One year ago tonight, I had the privilege of being in LA for the
Team True Beauty 1 year anniversary event. It was an
amazing night, and if you'd like to read the details of it, you can check out my post from that night
here.
But one of the most memorable moments from the night came from Shantel VanSanten, one of the lovely ambassadors for the cause. She gave a speech that continues to move me every single time I hear it or read it. You can read and view her entire speech
here.
Her letter to beauty states:
"Dear beauty, I don’t think we’ve formally met. I’m Shantel Van Santen. I’ve searched to find you for a while now. To find out how you define yourself. There are many others searching for you too. Some of us think you’re found in a number on a scale, or a muscle in our arm, the color of our skin, or our reflection in the mirror. We all struggle because we think you seek a perfect image, and we’ve become obsessed with the search. The idea that others might see us as a reflection of you or call us by your names makes us happy. So we look to the media and we look to mirrors, instead of turning our eyes inward. In the depths of our soul you wait. You wait for our search to end, because that’s where you are found. So we were wrong. Because you’re not an image of something that we can see. You’re a feeling. We define you by how we live our life, the kind of person we choose to be, and what’s in our hearts. Thank you for helping us find you. So that your reflection can be felt in others hearts, that they may know that they possess you too. And we can all unite to define you."
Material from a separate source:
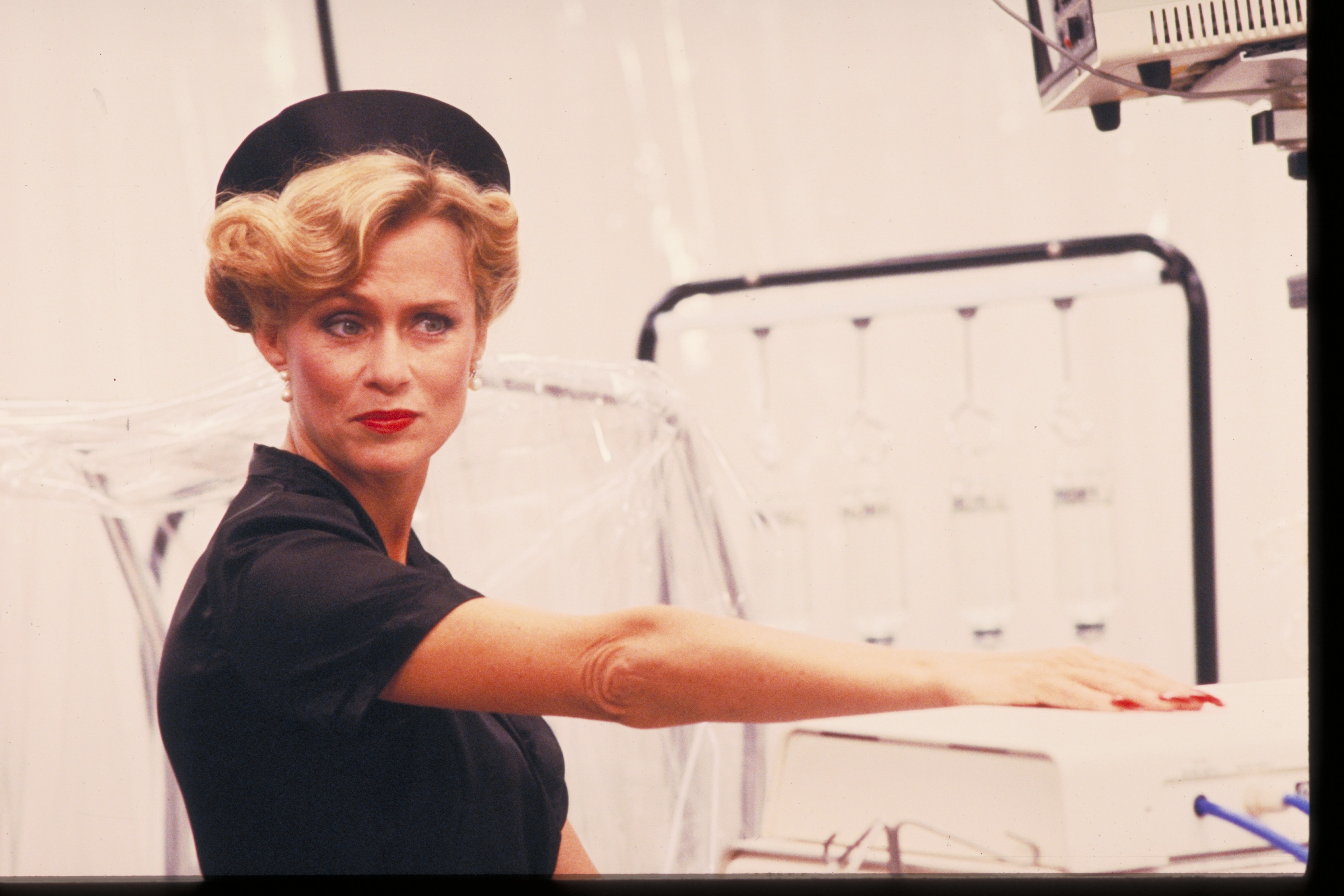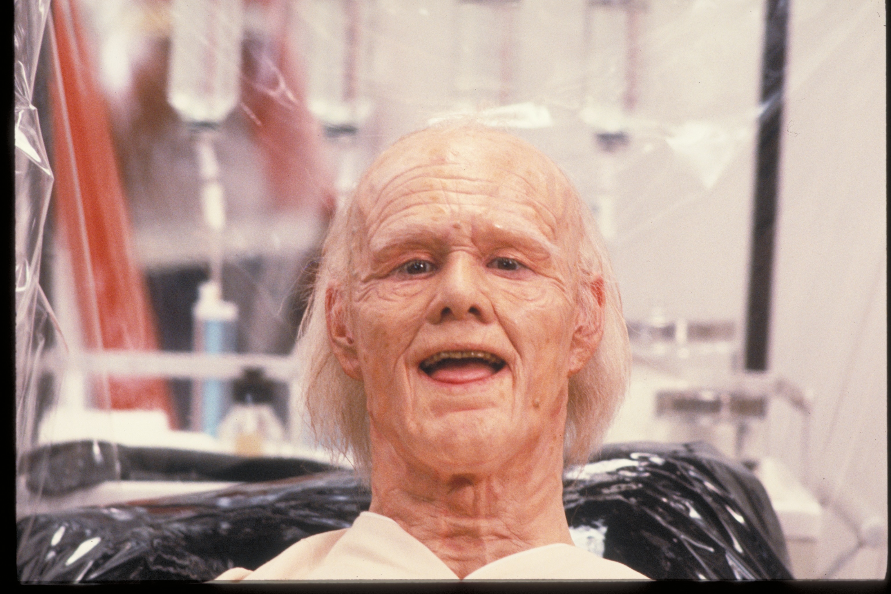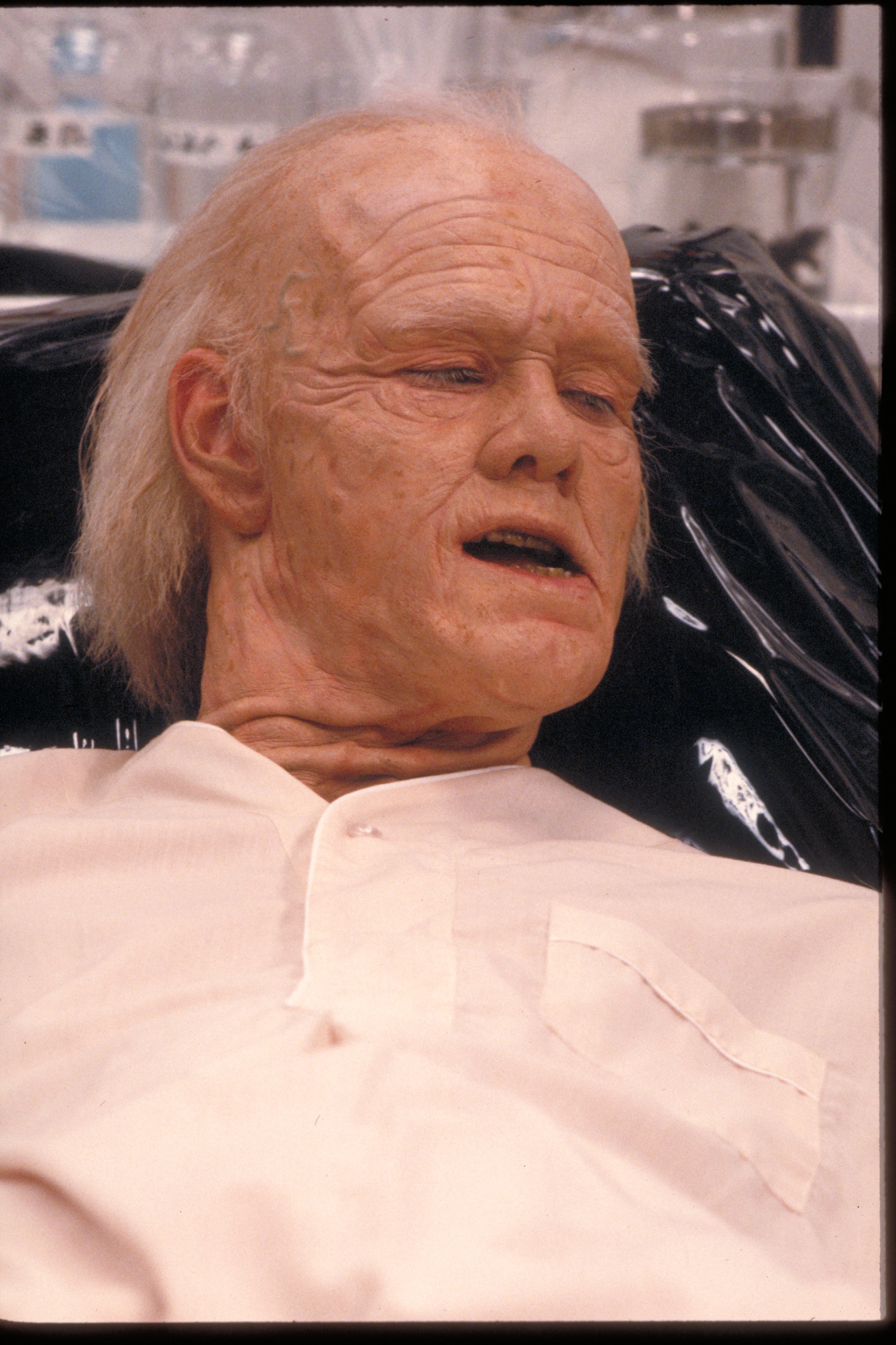 Vampire Mark: In the first draft, Mark had black and white dreams throughout the course of the story that parodied old vampire movies; it was supposed to show the downside of being a vampire as a running subplot. The dreams followed Vampire Mark as he attempted to find a victim to bite in 16th Century Europe, becoming more and more frustrated at his own ineptitude, until villagers carrying torches and pitchforks track him down in his crypt. Eventually, the dreams invade his daily life and become hallucinations, climaxing at the school dance. But by the time they were going to film the screenplay, the dreams/hallucinations of Mark as a vampire had been reduced to one measly dream sequence with Vampire Mark attacking Robin, who appeared as a peasant girl wandering in the graveyard of his crypt. Then as they were about to film the scene, Sam Goldwyn, Jr., felt that the set didn't match the look of the rest of the film, so it was scrapped and the scene was re-filmed in an all-white, modernized setting. Unfortunately, in scrapping the classic vampire B-movie look, elements like an obviously fake bat seemed out of context, and just made audience members say (quite audibly in the screenings I attended), "Couldn't they afford a better-looking bat?!?" Anyway, fortunately, the photos you see here were taken of the original set and eventually used to promote the film when it was decided after the fact that it might have been a GOOD thing to look like a vampire film (in fact, an image from this photoshoot appeared on the Italian theatrical poster). Imagine the audience's surprise when it had nothing to do with the movie...

So in honor of the 2 year anniversary of Team True Beauty, and the 1 year anniversary of the event, I decided to write
my own letter to beauty, 1 year later:
"Dear beauty, we’ve finally met. I suppose we met a long time ago, but I was never quite satisfied with our relationship. However I've also realized that while I don’t always see you in the mirror, I’ve seen you in the smiles of strangers, in the laughter of children, in the way people love and care for each other, and in the world all around me. I have come to realize that you really are more than a number. You aren’t a clothing size, a waist measurement, a height, or number on a scale. And while I now know this to be true, I can’t pretend that I don’t still struggle. Some days it seems impossible to find you in myself. And those are the days that I depend on my friends and support system the most. Those are the days that I am truly blessed, because I find beauty in relationships. I’ve realized that when you stop defining beauty based on numbers and you begin to define it based on what’s in the world around you and what’s in your heart, you, beauty, are much more prevalent. You are everywhere. Beauty, I am very much different than a year ago. I am older, and at times wiser, I have old friends who have stayed in my life and new friends who provide constant support and encouragement. And yet I am also very much the same. I find myself falling into my old ways of thinking. I find myself still trying to find you in a reflection in the mirror. I find myself weeping and falling apart when I think I’ll never find you in myself. And yet I find hope in the statement that “what you do with your life, how you live it, the things you accomplish, the mountains you climb, the struggles you work through, how you treat one another, the kindness you show, the people you inspire, the love that you give, that’s what defines your heart. And that’s what matters. Not what you look like when you do these things in life.”